→ **EXERCISE**
Skip every picture while you write out the records below, from the first line through the one that contains "04-Oct-2005 Australia Down", both ends kept.

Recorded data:
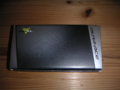 値段は105の3倍。DuraAce導入はリアスプロケットに次いでだが、箱が立派なので思わず写真を撮る。この箱代だけで結構しているのでは? | |
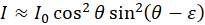 Also, the formula cos²(θ)×sin²(θ) applies to a system with perfectly aligned crossed polarizer. When the crossed polarizer has a small angular error ε the equation becomes
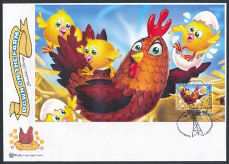 04-Oct-2005 Australia Down on the Farm (Chloe) Prestige booklet pane Wesley First Day Cover with cachet of hen, stamp on miniature sheet depicts Chloe the hen tied New Farm pictorial postmark
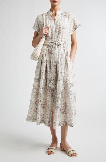 A faded floral print brings an antiqued patina to this relaxed-fit shirtdress cut with generous dolman sleeves and cinched at the waist with a wide sash.
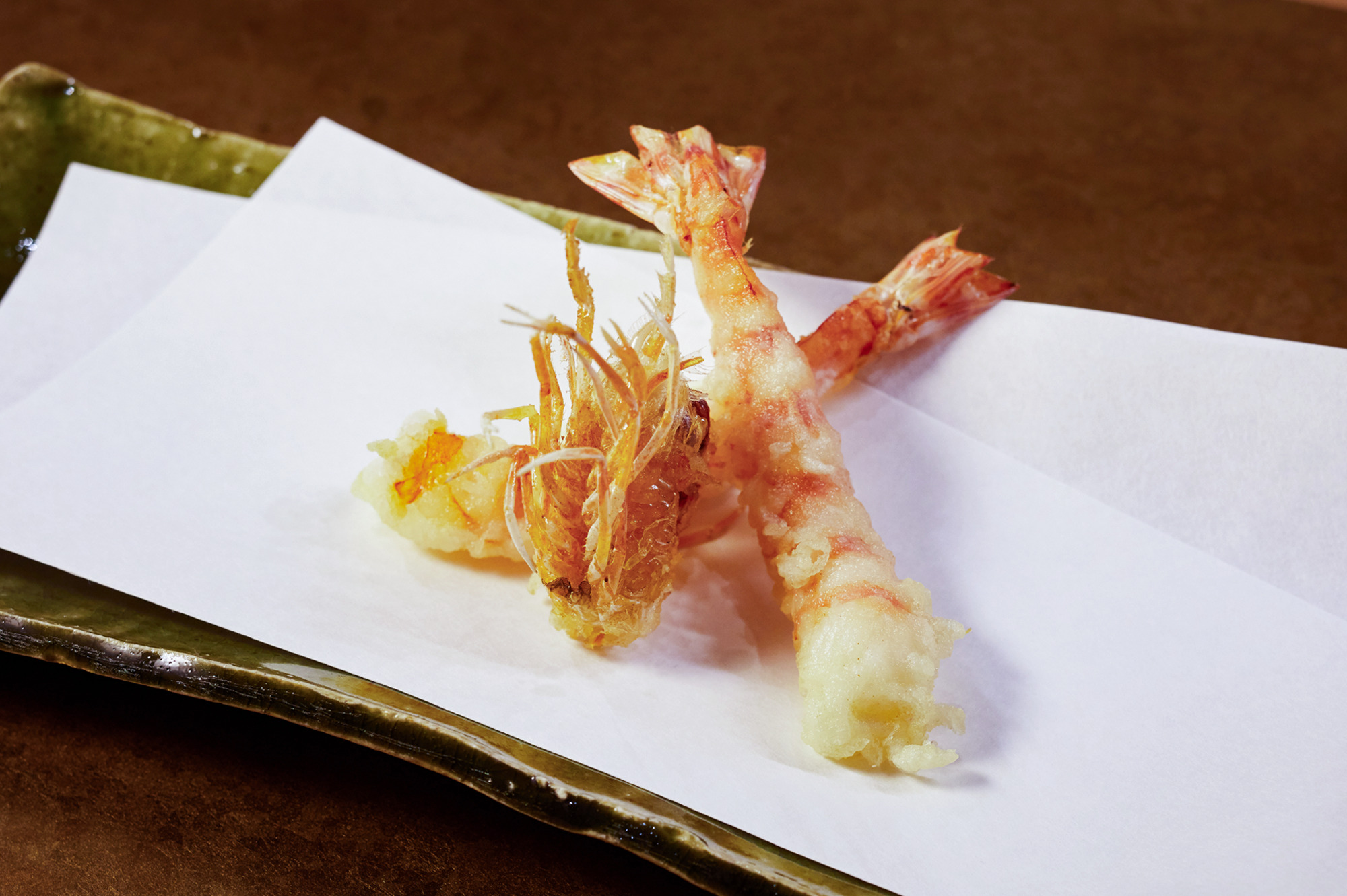 先付け小鉢1品、厳選した天ぷら10種、〆物、
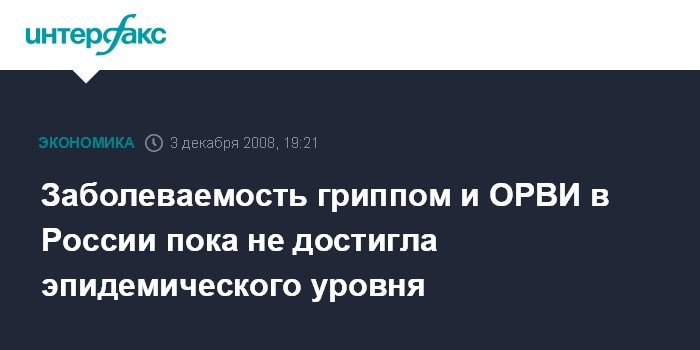Москва. 3 декабря. INTERFAX.RU - Заболеваемость гриппом и ОРВИ в целом по России пока не достигла эпидемического порога, сообщает Роспотребнадзор.
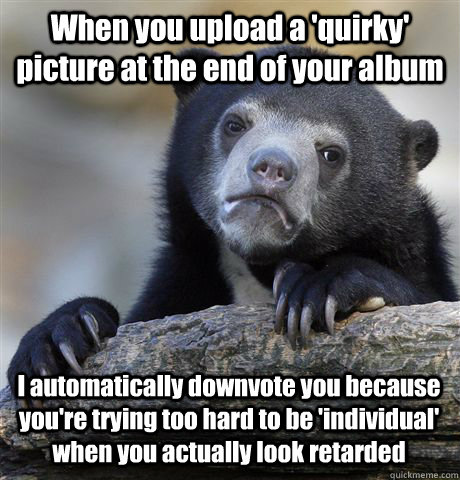 When you upload a 'quirky' picture at the end of your album I automatically downvote you because you're trying too hard to be 'individual' when you actually look retarded
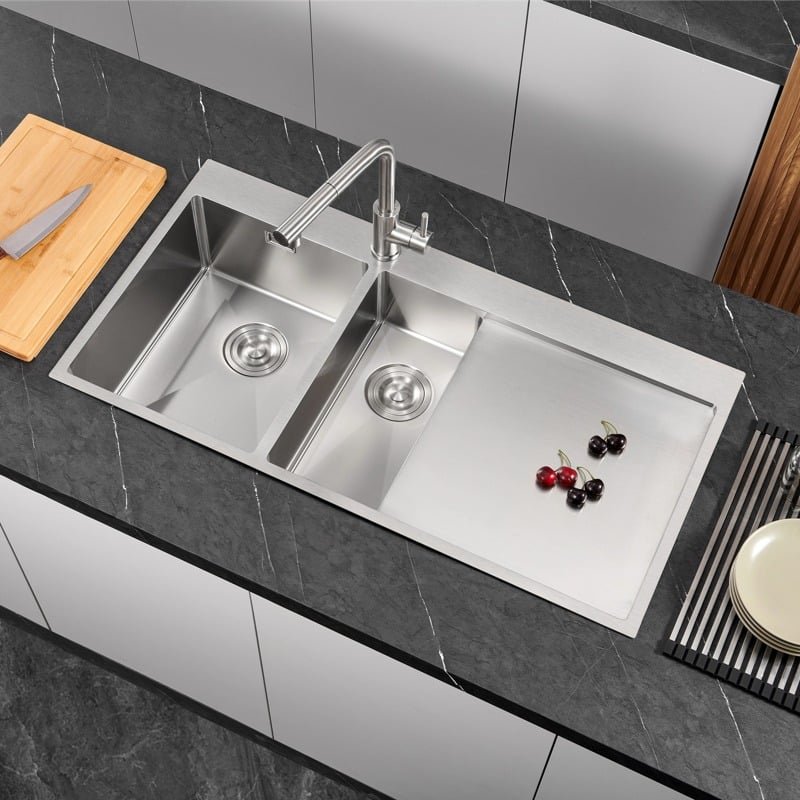 - Drainboard: The integrated stainless steel drying area channels water back into the bowls, protecting your benchtop from water damage and mold.
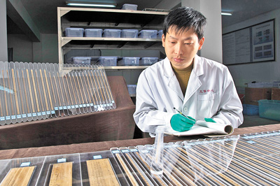 甘肅簡牘博物館的工作人員在文物庫房內(nèi)查看簡牘保存情況。
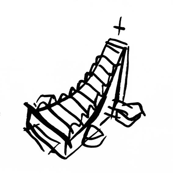 ¿Cómo se evidencia esa flecha en la iglesia de La Asunción? En primer lugar, en su forma: la flecha se ve claramente en la expresividad formal ascendente del exterior y en la potencia de la iluminación del interior, hacia donde se dirige la mirada. Y en segundo —y sorprendente— lugar, entre líneas: esta flecha se encuentra y se comprende en el pensamiento proyectual que la fundamenta; un pensamiento que, de manera sintética y genial, coincide con el concepto de iglesia; no solo de la edificación, sino también de la definición de ecclesia, y por ende, de la domus ecclesiae. La iglesia es el edificio donde —en palabras del entonces cardenal Ratzinger— «Cristo mismo realiza el culto ante el Padre, se convierte en culto para los suyos, desde el momento en que se reúnen con Él y en torno a Él» (2001, 84). Es, pues, el signo material, tectónico, de la comunidad de fieles, unidos por la convicción de ser la continuidad de la encarnación del misterio en la figura humana de Jesucristo. El pensamiento de Villanueva reafirma esta definición: en esta iglesia, Dios y hombre se unen linealmente por medio de una flecha (Fig. 14). [18]
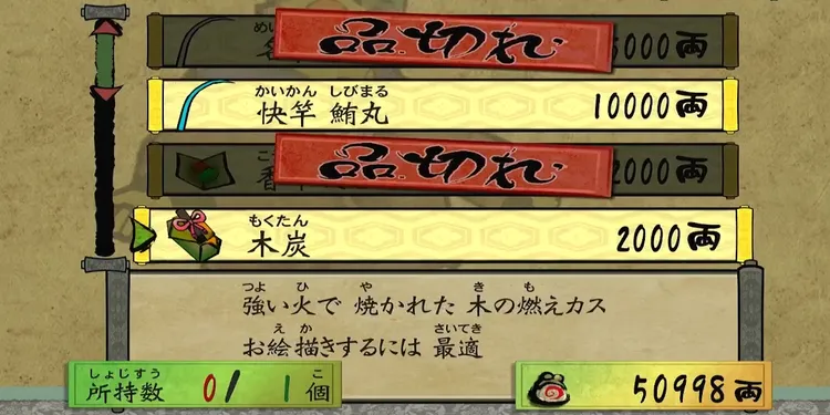 ②道具屋で木炭を購入する
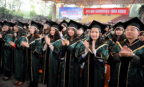 毕业典礼在雄壮的国歌声中开始。教务部主任徐晨介绍了我校2011届成教学院毕业生的情况。今年我校共有成人高等教育毕业生4017人。其中,本科毕业生1268人,专科毕业生2749人。肖芬等420人获得学士学位,闫秀珍等45人荣获优秀本科毕业生称号,杜薇等72人荣获优秀专科毕业生称号。本届成人高等教育的1268位本科毕业生分布在会计学、金融学、法学、人力资源管理等14个专业,专科毕业生分布在会计、国际贸易实物、物流管理、商务英语等28个专业。
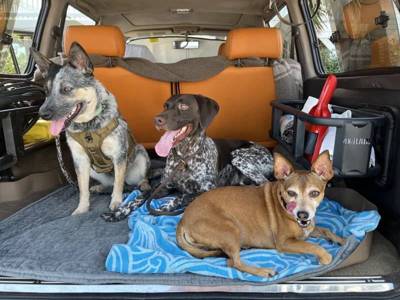 My pack anticipating a walk on the beach. F’ers rarely make it over the dunes before craping at least once… must be the cleansing of salt air
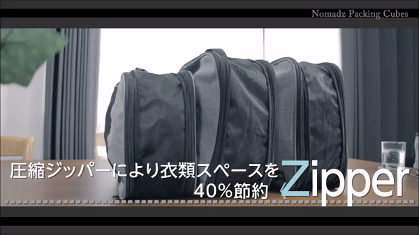 ノマド圧縮バッグはジッパーで圧縮する為、一瞬で簡単に圧縮できます。荷物も増えず電気代もかからない!
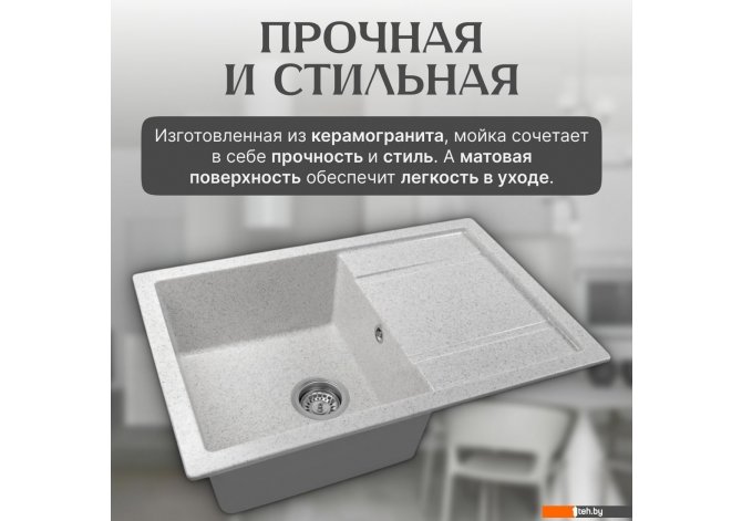 | Информация | - Мойка кухонная Fama — это идеальное сочетание удобства и стиля для вашей кухни. Изготовленная из керамогранита, она отличается высокой прочностью и устойчивостью, что делает её отличным выбором для повседневного использования. Прямоугольная форма и матовая серая поверхность придают ей современный и элегантный вид, который легко вписывается в любой интерьер. |
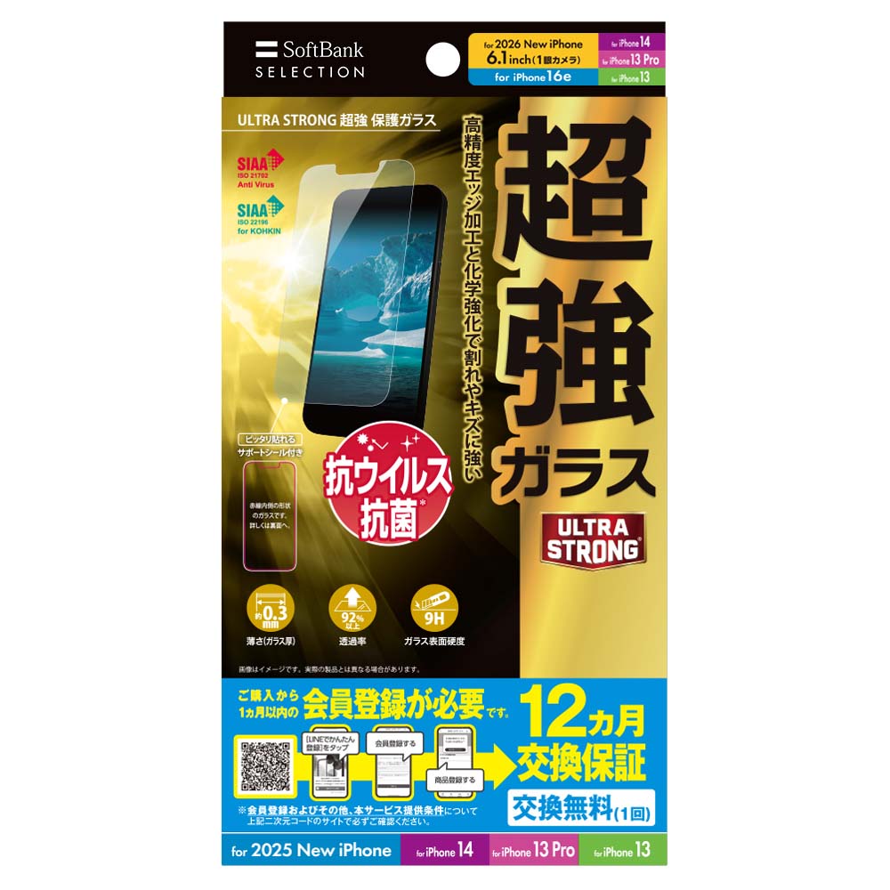 SoftBank SELECTION ULTRA STRONG 超強 保護ガラス for iPhone 16e / iPhone 14 / iPhone 13 Pro / iPhone 13 SB-I022-PFGA/US
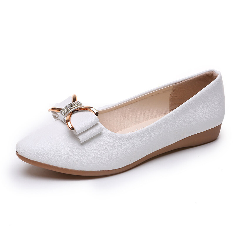 Atikota Women Fashion New Flat Shoes Shallow Mouth Bow Rhinestone Peas Shoes Solid Color PU Single Shoes
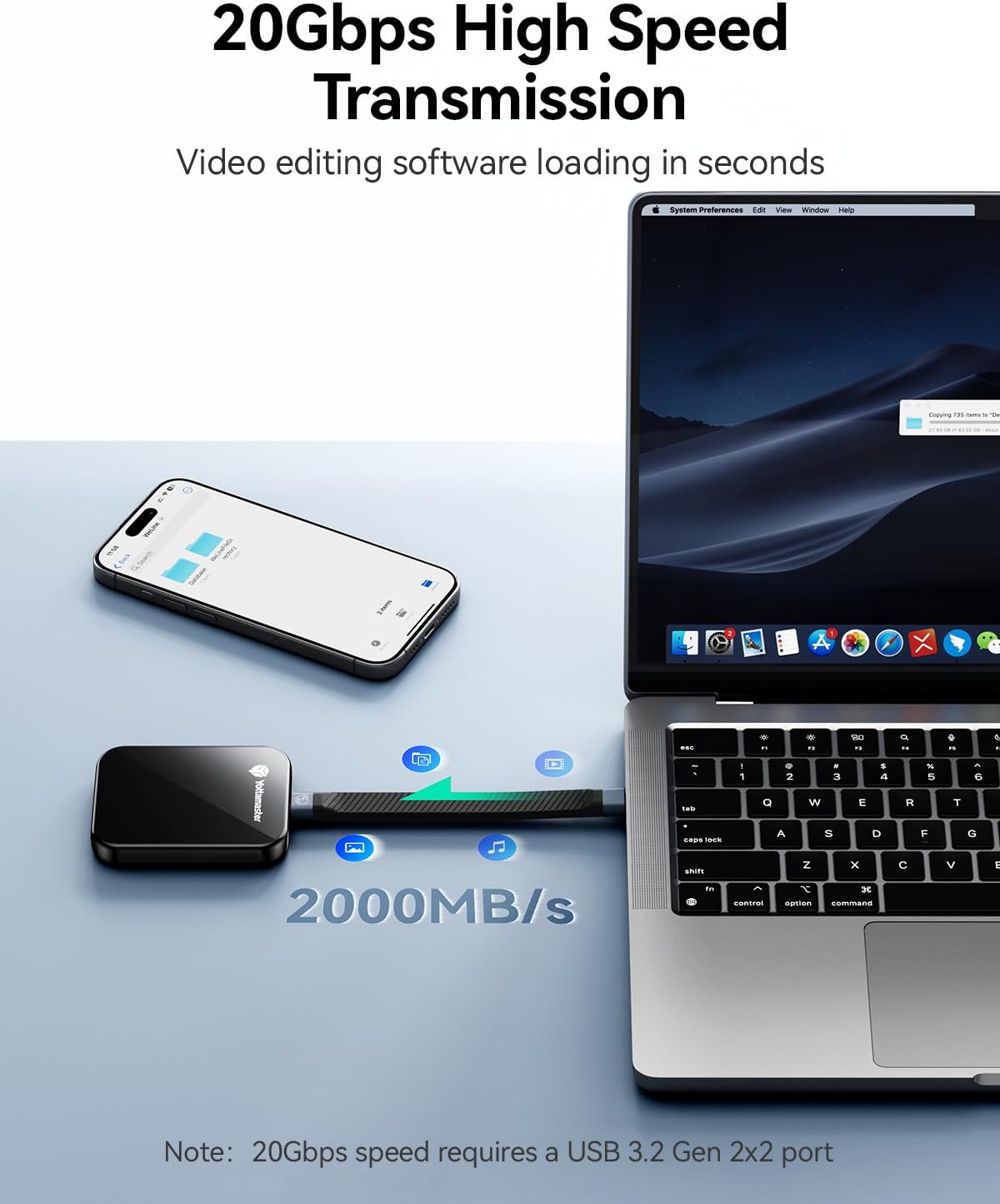 【2000MB/s High Speed Transfer】Yottamaster portable SSD offers a maximum transfer speed of up to 20Gbps, allowing you to transfer a 2GB file in just 1 second. This significantly reduces file transfer time and increases work efficiency. Note: To achieve 20 Gbps transfer speeds, a USB 3.2 Gen2x2 interface and a 20 Gbps data cable are required.
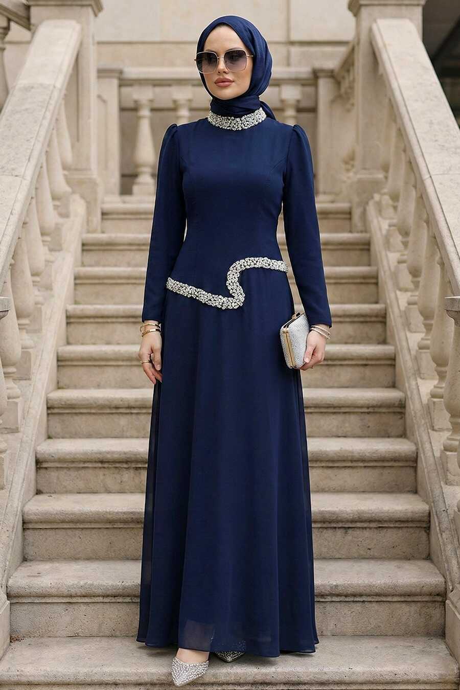 Modest Evening Dress - Bead Embroidered Navy Blue Modest Evening Dress 48081L
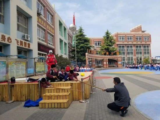 图为青岛红十字搜救队进入校园开展防溺水救援培训。(受访者供图)
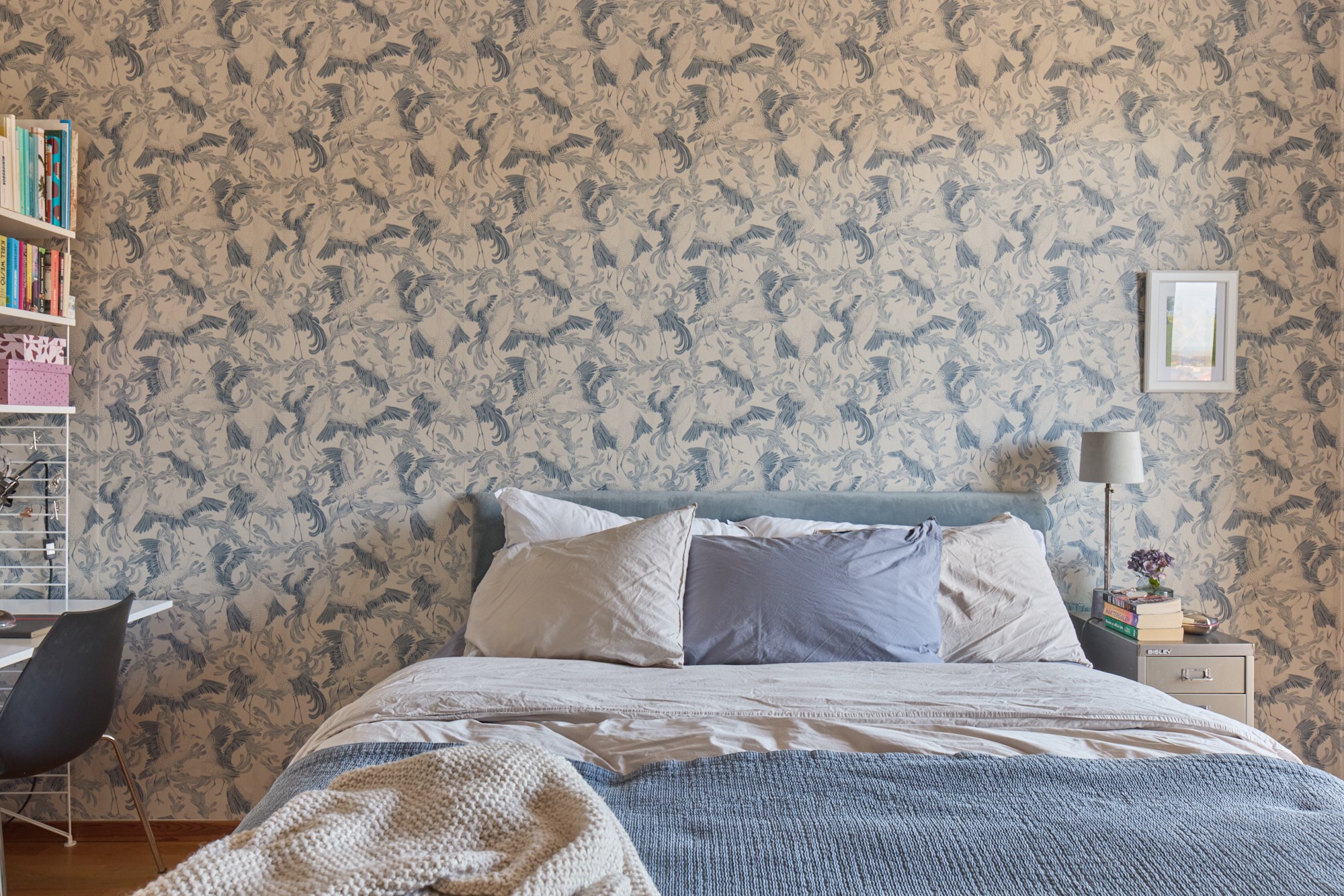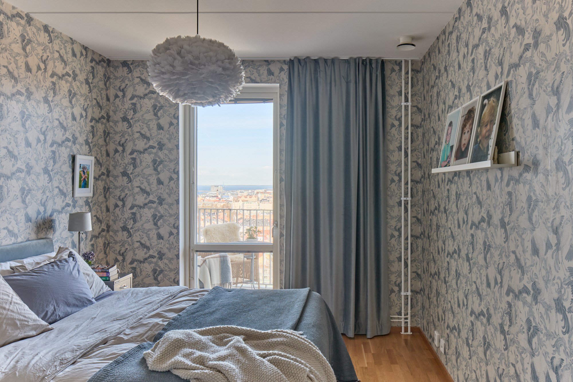 Parkettgolv och mönstrad tapet. Utgång till balkong.

→ **RESPONSE TO THE TASK**
 値段は105の3倍。DuraAce導入はリアスプロケットに次いでだが、箱が立派なので思わず写真を撮る。この箱代だけで結構しているのでは? | |
 Also, the formula cos²(θ)×sin²(θ) applies to a system with perfectly aligned crossed polarizer. When the crossed polarizer has a small angular error ε the equation becomes
 04-Oct-2005 Australia Down on the Farm (Chloe) Prestige booklet pane Wesley First Day Cover with cachet of hen, stamp on miniature sheet depicts Chloe the hen tied New Farm pictorial postmark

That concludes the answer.